The Challenge
A UK retail chain with 120 physical stores and a growing e-commerce operation was running its digital infrastructure on co-located bare-metal servers managed by a single in-house sysadmin. The setup had worked at small scale but was now a liability.
Monthly deployment terror. Releases happened once a month during a scheduled maintenance window, typically on a Sunday night. Each deployment involved SSHing into production servers, manually pulling code, running database migrations, and restarting services. Rollbacks were ad-hoc tar backups. Two of the last six deployments had caused partial outages lasting 2–4 hours, directly impacting online sales.
No scaling capability. During Black Friday and Boxing Day sales, the e-commerce site consistently crashed or slowed to a crawl. The bare-metal servers had fixed capacity. There was no auto-scaling, no CDN, and no load balancing beyond a single Nginx reverse proxy. The business estimated it lost over 150,000 GBP in the previous year's peak season due to site performance issues.
Zero observability. When something broke, the team found out from customer complaints or a spike in refund requests. There were no centralised logs, no metrics dashboards, no alerting, and no distributed tracing. Debugging production issues meant manually tailing log files on individual servers.
The Approach
RG INSYS proposed a phased transformation: containerise the existing applications, migrate to AWS with Kubernetes orchestration, automate everything with CI/CD, and build an observability stack that gave the team real-time visibility into system health.
Containerisation first: We dockerised all five services (e-commerce frontend, API backend, inventory sync, payment gateway, admin panel) without rewriting application code. Each service got a Dockerfile, health checks, and environment-based configuration. We validated containers locally and in staging before touching production.

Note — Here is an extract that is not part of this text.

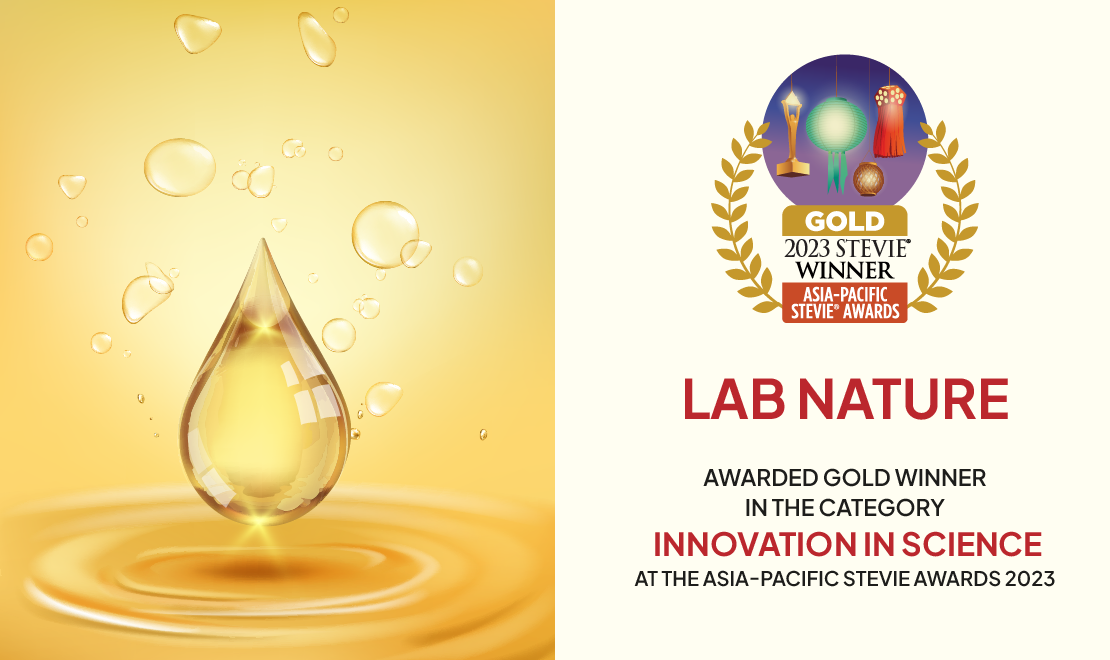 LAB NATURE’s hair restoration technology wins Innovation in Science at the 2023 Asia-Pacific Stevie Awards. This prestigious global award recognizes breakthrough technology that replaces silicone in personal care, providing sustainable and effective solutions.

Kubernetes on AWS EKS: We provisioned an EKS cluster using Terraform, with separate node groups for compute-heavy and memory-heavy workloads. Horizontal pod autoscaling ensured the e-commerce frontend could scale from 3 to 30 pods during traffic spikes. RDS replaced the self-managed MySQL instance, and ElastiCache replaced the hand-configured Redis server.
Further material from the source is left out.